* **PROBLEM DETAILS**: Print only the lines below from the one with "die VfR Clubmeisterschaften" to the one with "The Rawlings Corey", both included, exactly as they stand. Leave pictures out.

───── INFORMATION SUPPLIED ─────

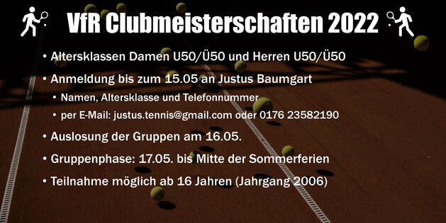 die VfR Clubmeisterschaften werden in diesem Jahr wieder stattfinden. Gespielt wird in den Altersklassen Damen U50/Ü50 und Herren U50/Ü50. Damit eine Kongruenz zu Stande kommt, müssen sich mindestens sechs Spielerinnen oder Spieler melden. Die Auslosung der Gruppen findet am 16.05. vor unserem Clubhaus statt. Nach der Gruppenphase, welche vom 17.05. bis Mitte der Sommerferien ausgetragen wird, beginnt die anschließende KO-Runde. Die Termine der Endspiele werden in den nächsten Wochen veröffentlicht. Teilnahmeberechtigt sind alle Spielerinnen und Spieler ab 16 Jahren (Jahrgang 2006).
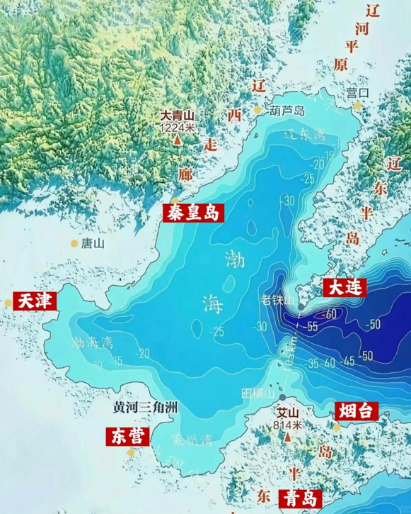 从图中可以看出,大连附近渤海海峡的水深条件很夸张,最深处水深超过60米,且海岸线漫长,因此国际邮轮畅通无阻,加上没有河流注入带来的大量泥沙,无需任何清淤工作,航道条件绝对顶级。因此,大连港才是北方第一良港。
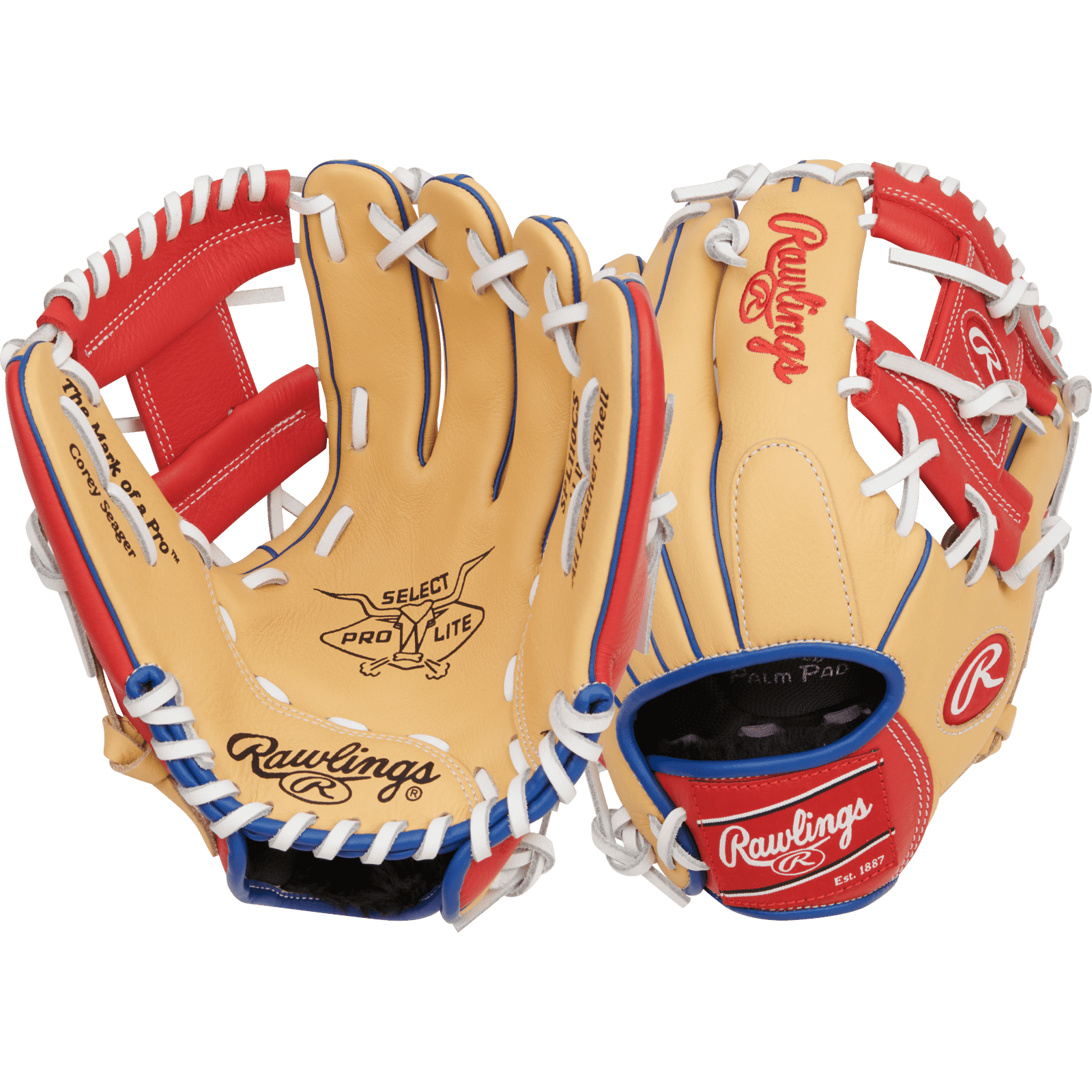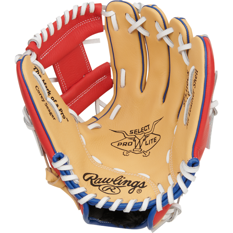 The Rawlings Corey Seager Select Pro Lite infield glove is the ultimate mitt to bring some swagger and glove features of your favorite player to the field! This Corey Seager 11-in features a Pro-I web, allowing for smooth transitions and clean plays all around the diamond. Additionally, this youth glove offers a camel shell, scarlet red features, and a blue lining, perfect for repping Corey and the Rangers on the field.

─────
───── INFORMATION SUPPLIED ─────

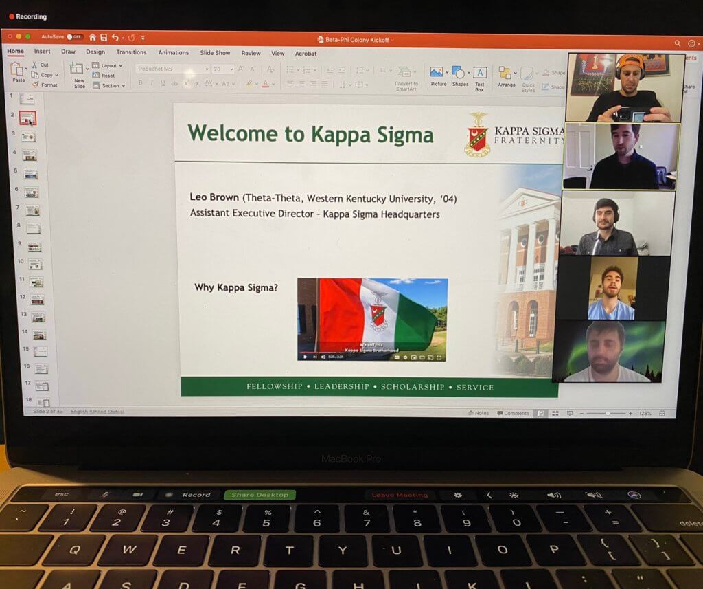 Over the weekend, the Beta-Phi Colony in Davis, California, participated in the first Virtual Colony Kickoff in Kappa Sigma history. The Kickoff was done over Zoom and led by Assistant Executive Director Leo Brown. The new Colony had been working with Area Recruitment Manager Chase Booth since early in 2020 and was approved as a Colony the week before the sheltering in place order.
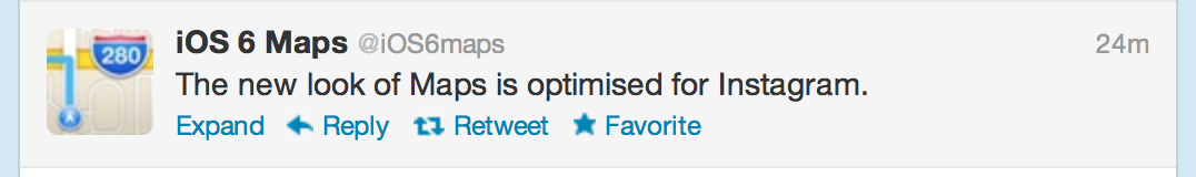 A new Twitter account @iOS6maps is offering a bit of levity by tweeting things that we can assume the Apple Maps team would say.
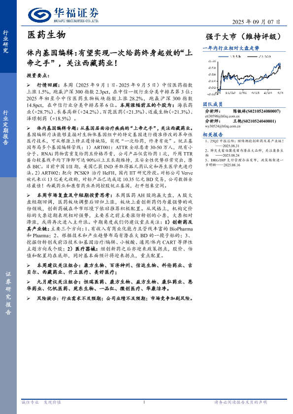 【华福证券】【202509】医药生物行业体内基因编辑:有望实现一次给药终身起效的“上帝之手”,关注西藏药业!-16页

─────
───── INFORMATION SUPPLIED ─────

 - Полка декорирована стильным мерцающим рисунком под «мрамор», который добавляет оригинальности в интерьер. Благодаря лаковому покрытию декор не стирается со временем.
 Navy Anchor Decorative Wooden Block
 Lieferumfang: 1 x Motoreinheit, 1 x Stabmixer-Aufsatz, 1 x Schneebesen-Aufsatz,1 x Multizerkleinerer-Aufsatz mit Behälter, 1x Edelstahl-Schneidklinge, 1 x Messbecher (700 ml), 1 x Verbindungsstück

─────

* **WRITTEN RESPONSE**:
 die VfR Clubmeisterschaften werden in diesem Jahr wieder stattfinden. Gespielt wird in den Altersklassen Damen U50/Ü50 und Herren U50/Ü50. Damit eine Kongruenz zu Stande kommt, müssen sich mindestens sechs Spielerinnen oder Spieler melden. Die Auslosung der Gruppen findet am 16.05. vor unserem Clubhaus statt. Nach der Gruppenphase, welche vom 17.05. bis Mitte der Sommerferien ausgetragen wird, beginnt die anschließende KO-Runde. Die Termine der Endspiele werden in den nächsten Wochen veröffentlicht. Teilnahmeberechtigt sind alle Spielerinnen und Spieler ab 16 Jahren (Jahrgang 2006).
 从图中可以看出,大连附近渤海海峡的水深条件很夸张,最深处水深超过60米,且海岸线漫长,因此国际邮轮畅通无阻,加上没有河流注入带来的大量泥沙,无需任何清淤工作,航道条件绝对顶级。因此,大连港才是北方第一良港。
 The Rawlings Corey Seager Select Pro Lite infield glove is the ultimate mitt to bring some swagger and glove features of your favorite player to the field! This Corey Seager 11-in features a Pro-I web, allowing for smooth transitions and clean plays all around the diamond. Additionally, this youth glove offers a camel shell, scarlet red features, and a blue lining, perfect for repping Corey and the Rangers on the field.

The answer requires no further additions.